- [TASK STATEMENT]
Go to the line with "體驗(yàn)中心底層采用了基于Windows Server 2008" in the entries below and write out every line from there through the line with "abgehau'n, | |", exactly and without pictures.

Start of Block

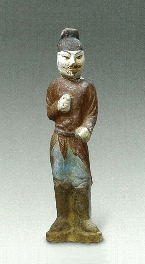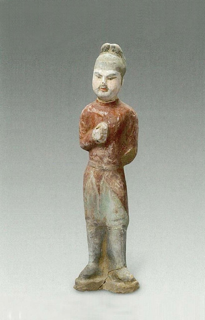 4.牽馬俑修復31件,此選介5件。標本4373(圖8),頭戴黑色短腳襆頭,方臉略抬,塗淡紅彩,復以黑彩塗濃眉、圓睛、八字鬚、短鬚,八字鬚堆塑而成,高鼻挺秀,紅唇一點,身穿鐵鏽紅色團領窄袖袍,腰束黑帶,袍前襟掖於帶內,露出藍色團領右衽襦,下著褲、高筒黑靴,雙手握拳,置於體前,做握韁狀,左腿略曲,與右腿略成丁字步立於三角形空心底板上,瞪視前方。高32.6公分。標本4381(圖9),容貌、服飾、舉止大致同前俑。頭略低,方臉塗白,描繪出短眉、黑睛、八字鬚、短鬍鬚,眼瞼斜長,雙拳塗白,左拳位置略偏上,左腿曲度較大,目視前下方。高32.6公分。標本4379(圖10),低首,頭戴黑色短腳襆頭,方臉略窄,塗白,又塗淡紅彩,再描出劍眉、斜眼、八字鬚、紅唇,八字鬚堆塑,下巴稍長,身著橘黃色團領窄袖袍,腰束黑帶,袍襟掖於帶下,露出藍色團領右衽襦,下著褲、高筒黑靴,雙手握拳於胸腹,雙腿較直,丁字步立於三角形空心底板上,目視前下方。高32.2公分。標本4382(圖11),與前俑比,長臉圓潤,粉面塗紅,鬚眉用筆描出,顯得年少俊逸,袍、襦顏色與前相反,兩拳分離,左膝略曲,丁字步立於三角形空心底板上,目視左前方,有點玩世不恭的樣子。高32公分。標本4380(圖12),臉稍短,敷彩同前,俊秀異常,著紅袍、藍襦、黑靴,右手握拳於胸部,左拳置腰側(殘),但拳與腰部沒接觸,臉向右扭,冷靜地注視著右前方。高32.6公分。
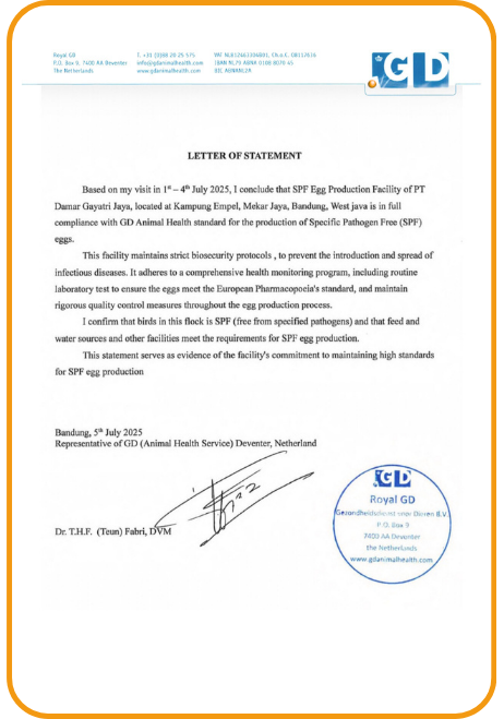 Memperoleh Letter of Statement dari Royal GD Animal Health, mengakui Fasilitas Produksi Telur SPF PT DGJ Berstandar Internasional (2025)
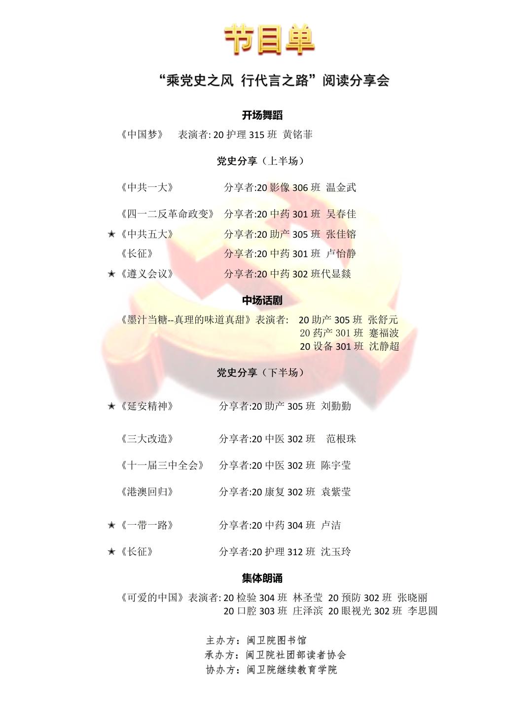 11位学生通过阅读“中共一大”、“四一二反革命政变”、“中共五大”、“红军长征”、“遵义会议”、“延安精神”、“社会主义三大改造”、十一届三中全会、“ 港澳回 归”、“一带一路”等党史事件的相关书籍,分享自己的阅读感悟。
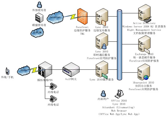 體驗(yàn)中心底層采用了基于Windows Server 2008 R2作為操作系統(tǒng)平臺(tái),并以此構(gòu)建全新的活動(dòng)目錄服務(wù)及文檔權(quán)限管理服務(wù),在操作系統(tǒng)平臺(tái)上搭建了包括Exchange Server 2010、Lync Server 2010、Sharepoint 2010在內(nèi)的完整商業(yè)辦公平臺(tái)應(yīng)用,并將以太網(wǎng)通過VoIP語音網(wǎng)關(guān)與傳統(tǒng)的模擬電話程控交換機(jī)相連接,提供了將電話、郵件(包括語音郵件)、日歷、視頻會(huì)議、即時(shí)消息、文檔即時(shí)協(xié)作等應(yīng)用直接關(guān)聯(lián)起來,帶來了前所未有的辦公體驗(yàn)。
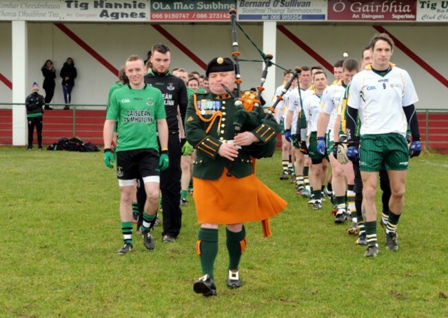The Defence Forces and Castlewellan (Down) parade before the senior final of the 2015 Phonewatch Comórtas Peile Páidi Ó Sé.
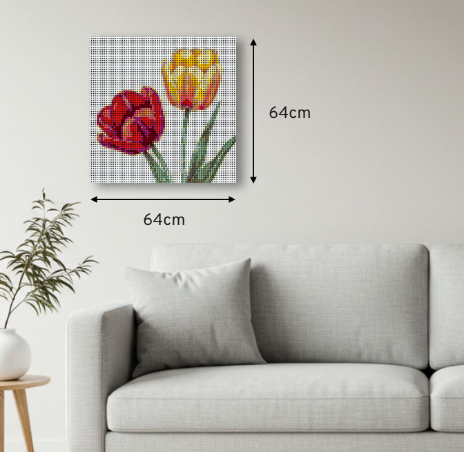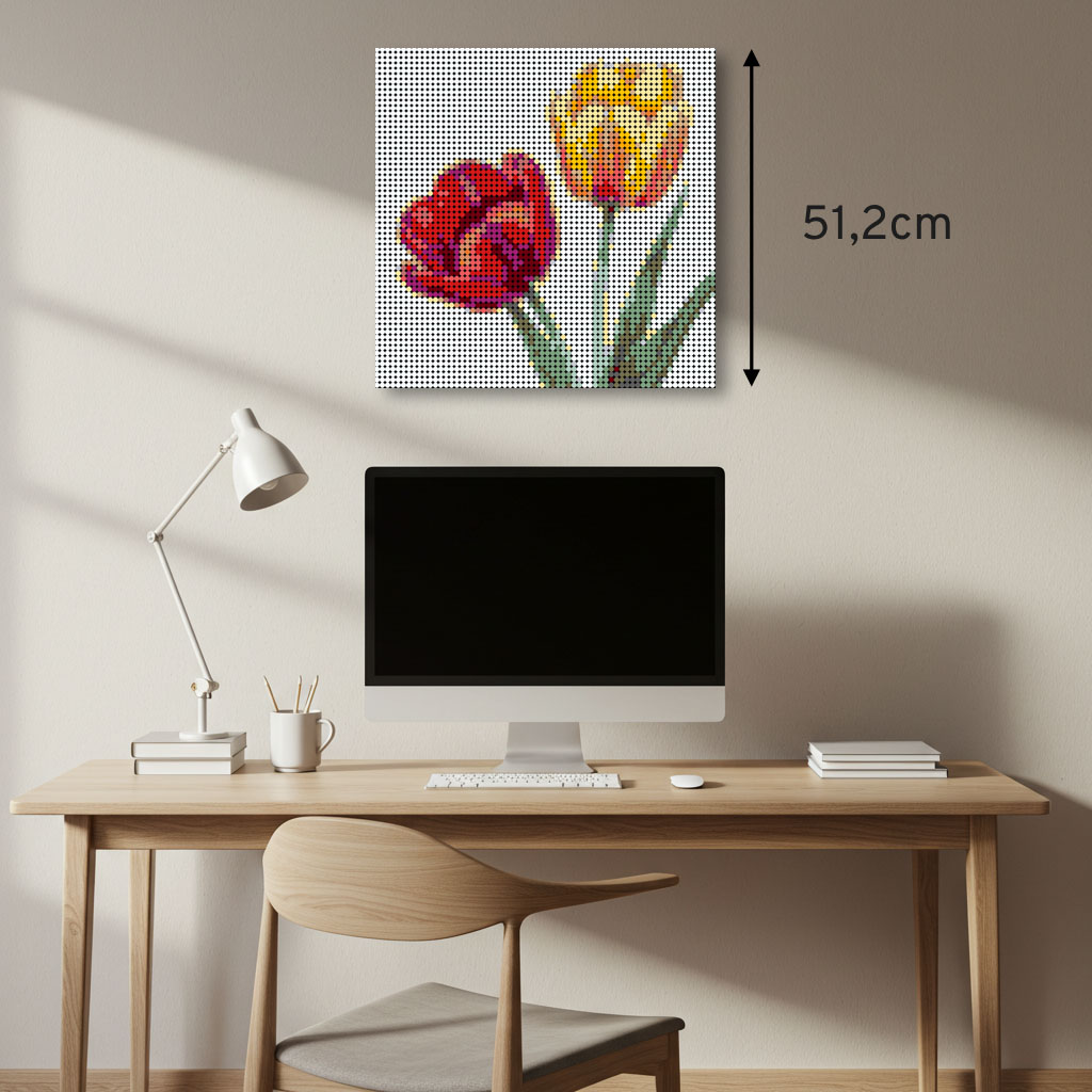 Llena tus espacios de color y frescura con este cuadro de bricks que captura la delicadeza y belleza de los tulipanes. Este diseño combina formas estilizadas y tonos vibrantes que reflejan la esencia de esta flor icónica, conocida por simbolizar la primavera, la renovación y la alegría.
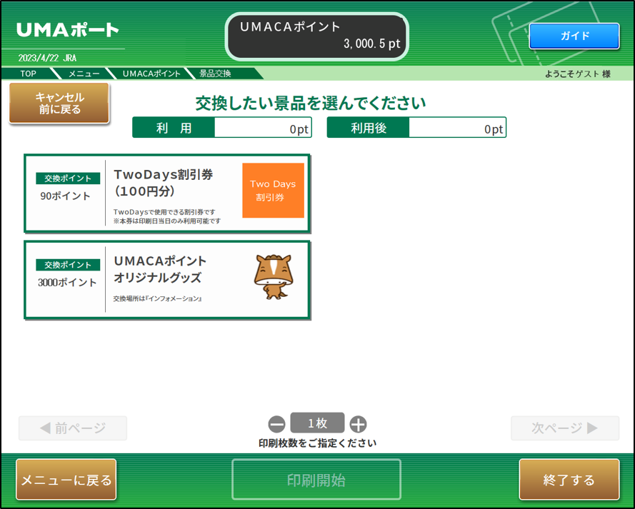 クーポンは、交換した競馬場・ウインズで当日限り有効となりますので、交換の際にはご注意ください。
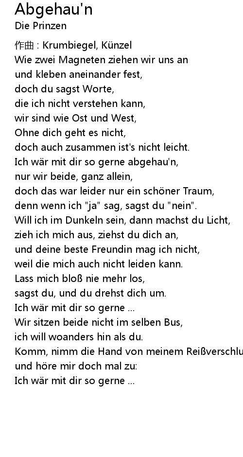 | Ich wär mit dir so gerne abgehau'n, | |
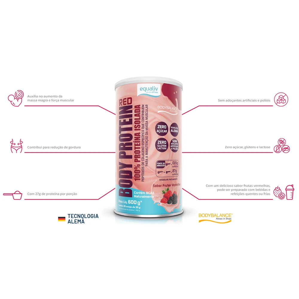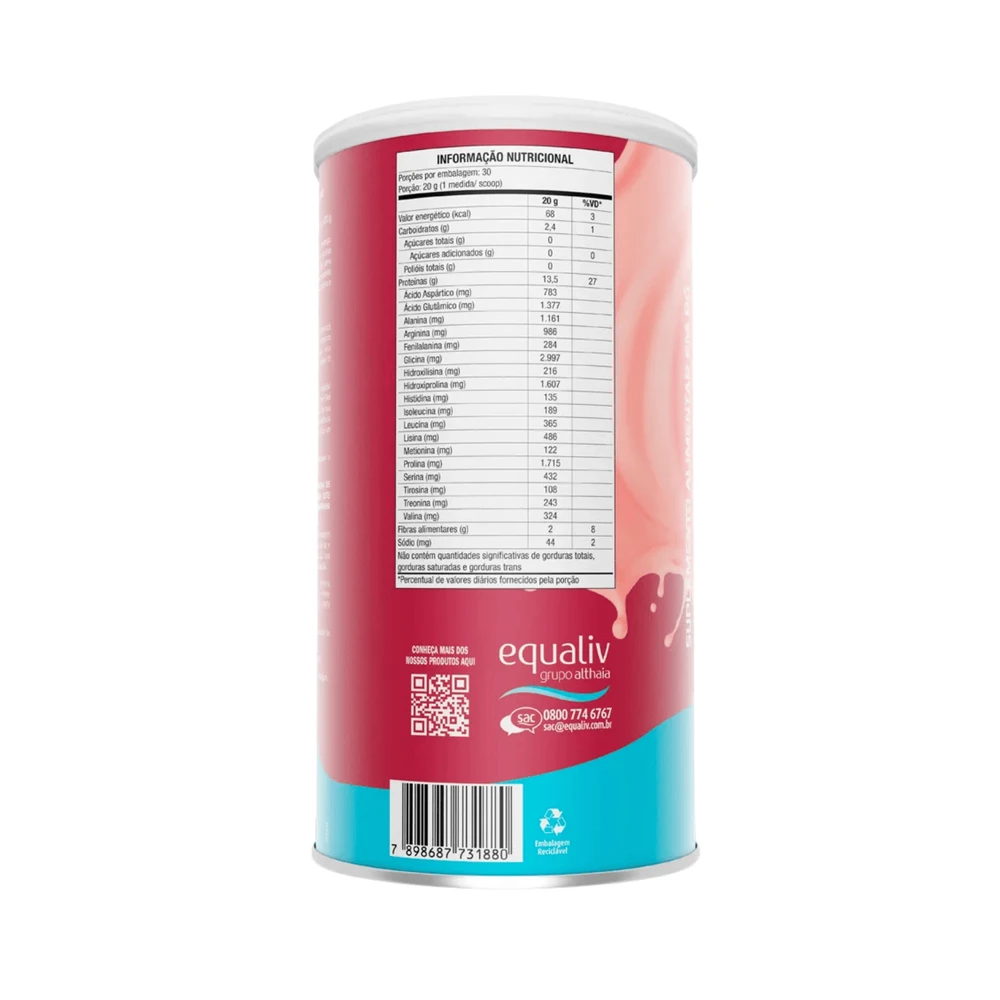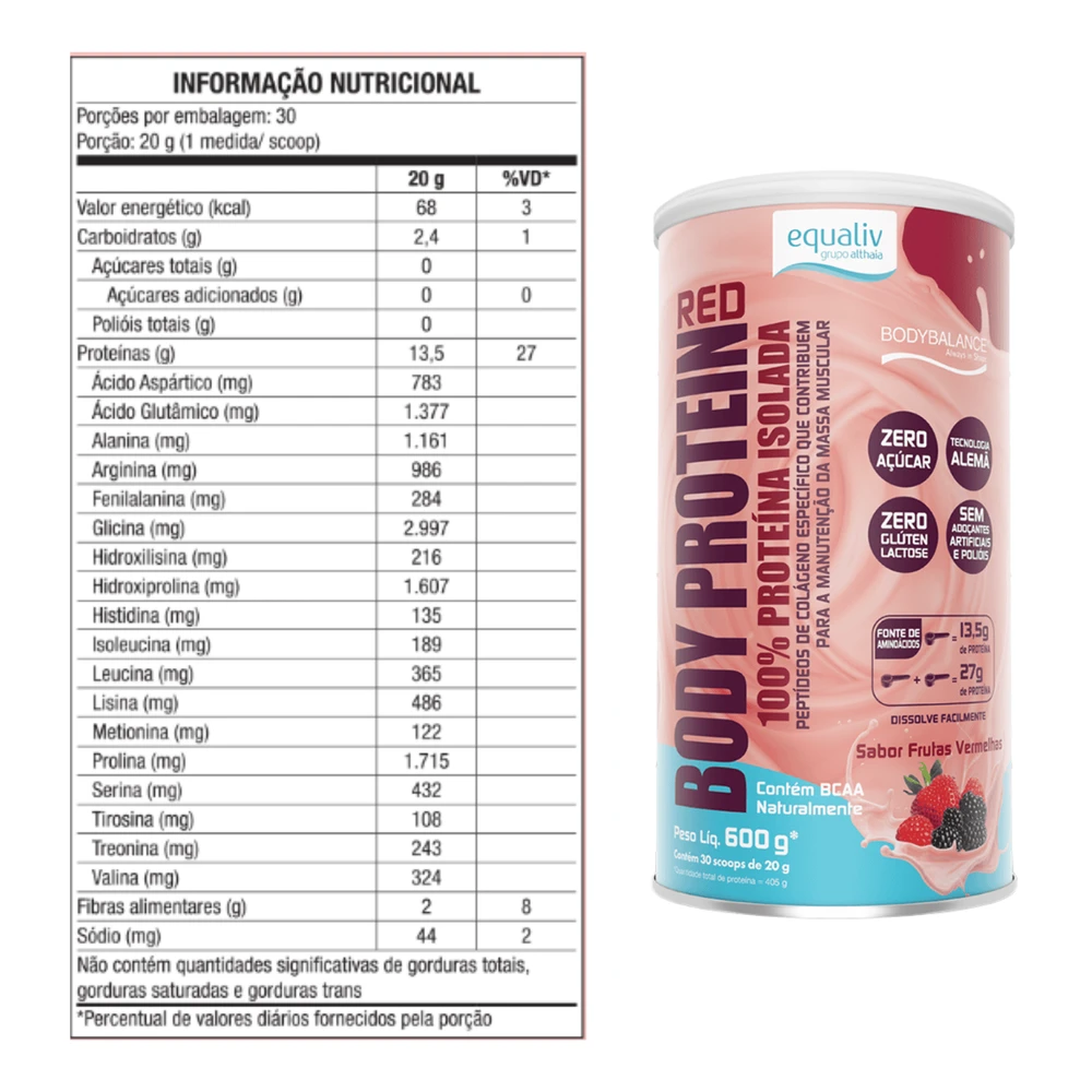 Equaliv Body Protein 450g Proteina Isolada Frutas VermelhasEqualiv Body Protein é um suplemento para quem pratica atividade física e deseja alcançar melhores resultados. Uma tecnologia inovadora da proteína isolada com peptídeos de colágeno dedicados ao fortalecimento da musculatura corporal. Eficácia comprovada com 15g/ dia + 3 horas de exercícios físicos por semana. Fácil digestão e diluí completamente. Sabor neutro. Zero de açúcar, carboidrato e lactose. Livre de glúten e edulcorante. Contribui para a manutenção da Massa Muscular.Produto isento da obrigatoriedade de registro conforme rdc n.27/10 - anvisa

End of Block

- [OUTPUT FOR THIS EXERCISE]
 體驗(yàn)中心底層采用了基于Windows Server 2008 R2作為操作系統(tǒng)平臺(tái),并以此構(gòu)建全新的活動(dòng)目錄服務(wù)及文檔權(quán)限管理服務(wù),在操作系統(tǒng)平臺(tái)上搭建了包括Exchange Server 2010、Lync Server 2010、Sharepoint 2010在內(nèi)的完整商業(yè)辦公平臺(tái)應(yīng)用,并將以太網(wǎng)通過VoIP語音網(wǎng)關(guān)與傳統(tǒng)的模擬電話程控交換機(jī)相連接,提供了將電話、郵件(包括語音郵件)、日歷、視頻會(huì)議、即時(shí)消息、文檔即時(shí)協(xié)作等應(yīng)用直接關(guān)聯(lián)起來,帶來了前所未有的辦公體驗(yàn)。
The Defence Forces and Castlewellan (Down) parade before the senior final of the 2015 Phonewatch Comórtas Peile Páidi Ó Sé.
 Llena tus espacios de color y frescura con este cuadro de bricks que captura la delicadeza y belleza de los tulipanes. Este diseño combina formas estilizadas y tonos vibrantes que reflejan la esencia de esta flor icónica, conocida por simbolizar la primavera, la renovación y la alegría.
 クーポンは、交換した競馬場・ウインズで当日限り有効となりますので、交換の際にはご注意ください。
 | Ich wär mit dir so gerne abgehau'n, | |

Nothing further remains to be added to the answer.